Entity-Relationship (ER) Diagrams
Entity-Relationship (ER) diagrams are graphical representations used to model database structures, depicting:
- Entities: Represented as datasets
- Attributes: Characteristics or schema details of the datasets
- Relationships: Connections between datasets within a database, including defined cardinality
ER diagrams serve as a blueprint for understanding dataset structures and relationships, helping stakeholders make informed decisions and align with data requirements.
Purpose of Dataset Groups
Dataset groups serve several purposes:
Logical Organization
- Provides a structure for organizing datasets based on relationships and domains
- Allows efficient navigation and discovery of datasets, particularly in large data ecosystems
Data & Metadata Management
- Facilitates data management by grouping datasets based on shared characteristics
- Enhances metadata for datasets with similar properties
Relationship Management
- Enables understanding of relationships within a dataset group
- Serves as documentation, aiding schema and relationship comprehension for workflows
Permissions
- Simplifies access control and permissions management for datasets within the group
Data Analysis and Exploration
- Allows users to explore patterns and correlations within the group
- Helps stakeholders visualize and solve problems effectively
Data Governance
- Enforces data governance policies, including quality checks, privacy rules, and compliance standards
Collaboration and Sharing
- Creates a shared environment for accessing and working with datasets
Constraints and Behavior
Dataset and Dataset Group Constraints
- A dataset can belong to only one dataset group
- Two datasets within the same group cannot share the same name
Adding Datasets to Groups
With the right permissions, users can add datasets to groups in the following ways:
Defining Relationships
- Users can view all datasets outside the group to select those to add
Direct Addition
- Users can add datasets directly from the dataset group's information page
Creating a Dataset
- New datasets can be added to an existing group (without a predefined relationship)
- Assigned to a new group
- Left ungrouped
Automation Hub
Design advanced analytics and machine learning workflows tailored to your needs.
- Create custom nodes and automate processes for specific problem statements.
- Streamline the design and execution of workflows with advanced automation capabilities, enabling scalable and efficient data and computational processes.
Workflow Concepts
Overview
A workflow is a structured series of tasks executed in a specific order to achieve a particular objective, represented as a Directed Acyclic Graph (DAG).
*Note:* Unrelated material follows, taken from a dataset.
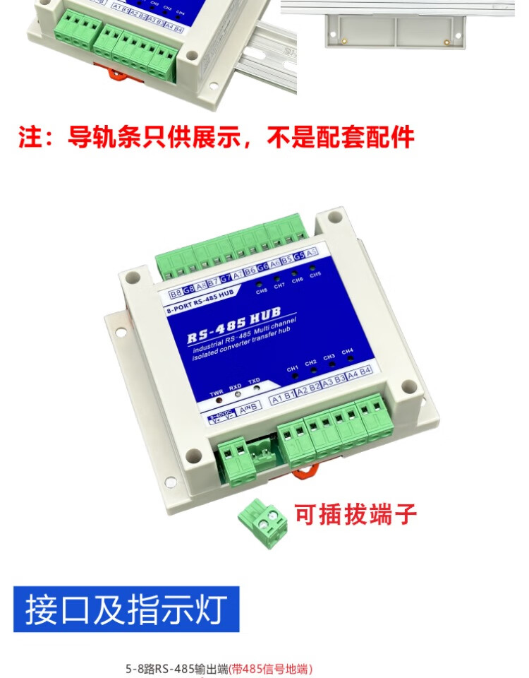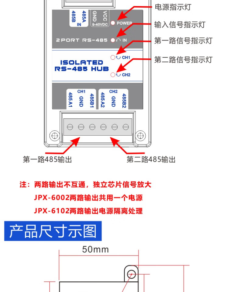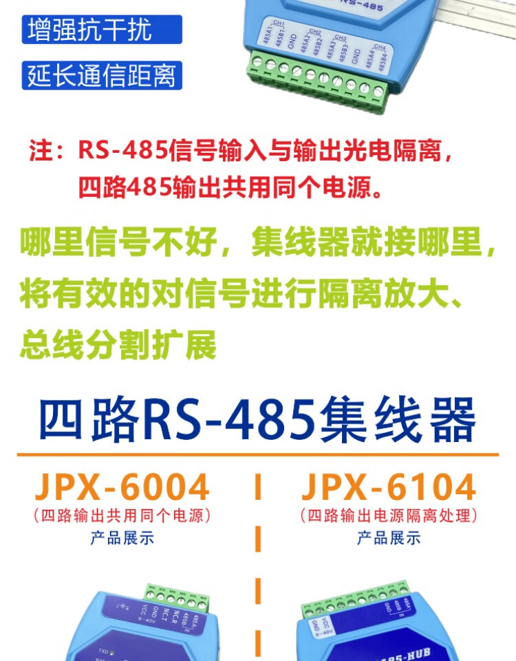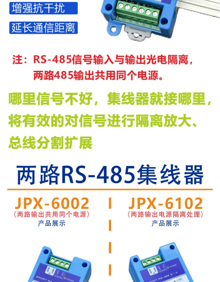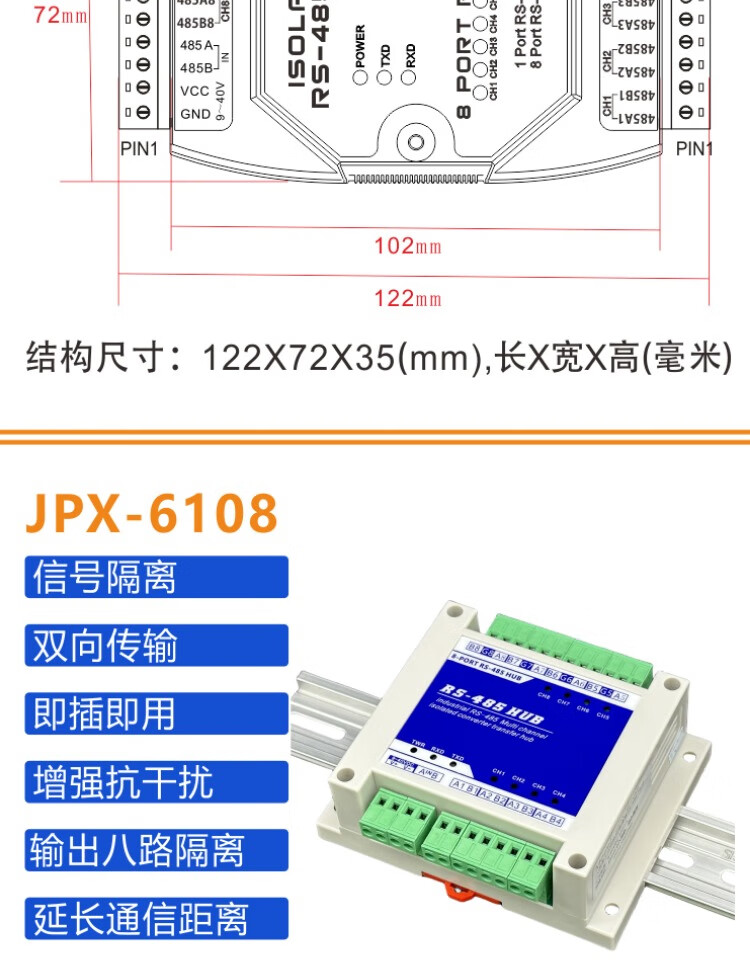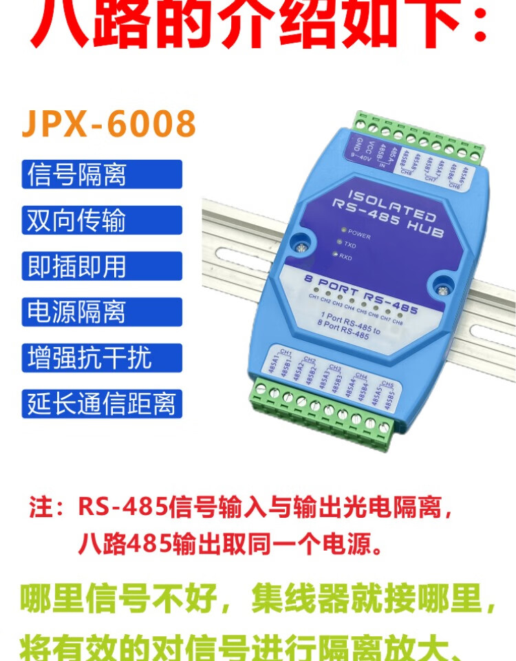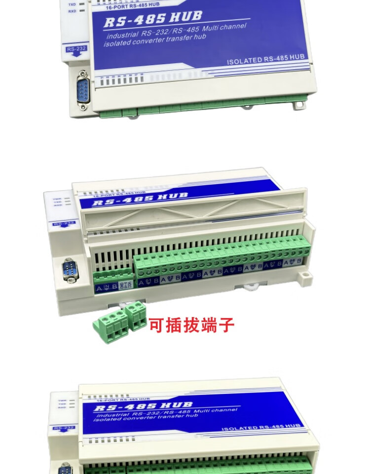 Industrial grade 2/4/8/16-channel RS485 hub photoelectric isolation distributor bus segmentation extended lightning protection 16-channel RS485 hub JPX-6116 26dBm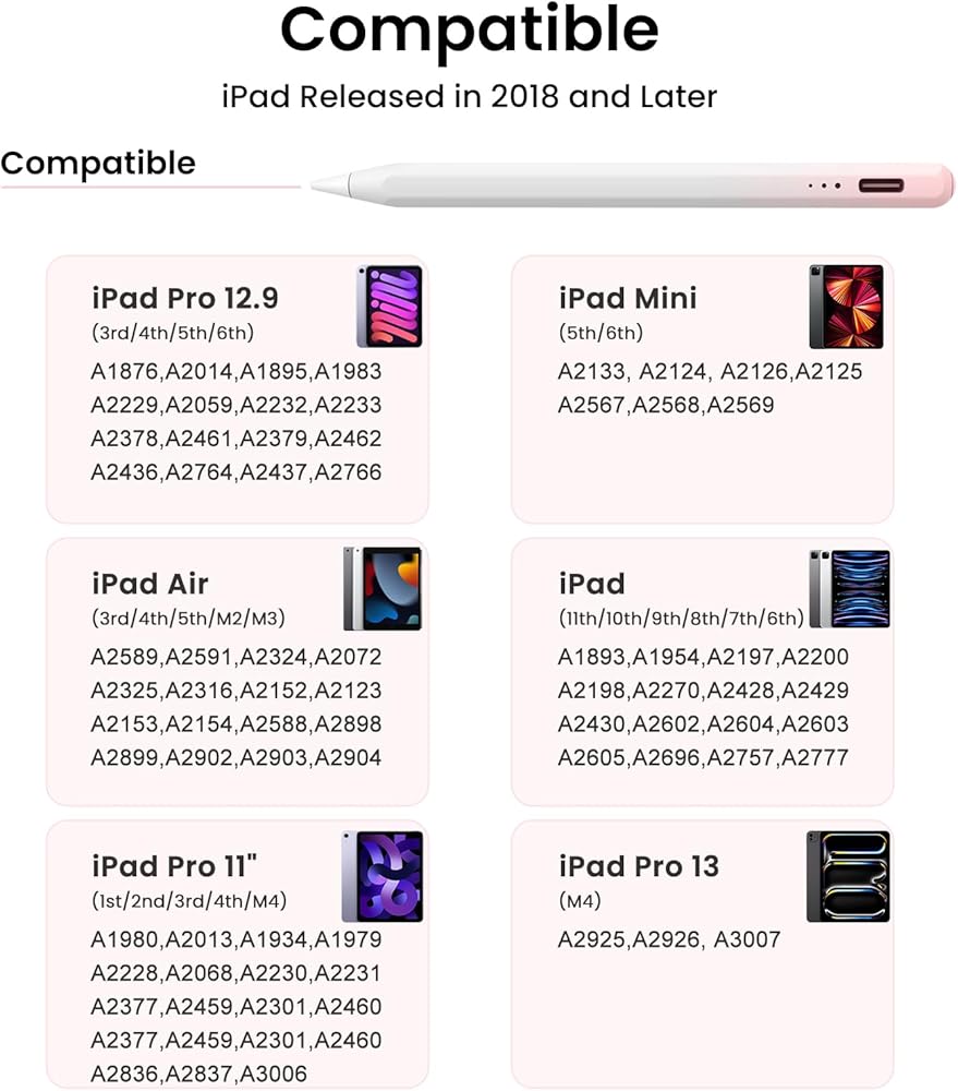 • Compatible with 2018-2025 iPad Models: Only compatible with iPad 11th/10th/9th/8th/7th/6th Gen, iPad Pro 11"/12.9"/M4, iPad Mini 6th/5th Gen, iPad Air 3rd/4th/5th/M2/M3 Gen.(Please go to [Setting>General>About] to confirm your iPad's model name before placing order. Not Compatible with other ipad models or any other brand touchscreen devices)

Workflows automate and manage complex processes, offering flexible control over task execution, condition-based decision-making, and support for both automated and human-in-the-loop operations. They can be triggered in various ways, handle both one-time and recurring tasks, and provide real-time monitoring for tracking progress and outcomes.
Vue.ai's Enterprise AI Orchestration Platform supports various types of workflows, including analytical workflows, data science/machine learning (DS/ML) workflows, and business process workflows, each tailored to meet diverse operational needs.
Key Features
No-Code Workflow Building
Empowers users with a no-code, drag-and-drop interface, allowing for effortless creation of analytical, data science, and business process workflows on the Enterprise AI Orchestration Platform.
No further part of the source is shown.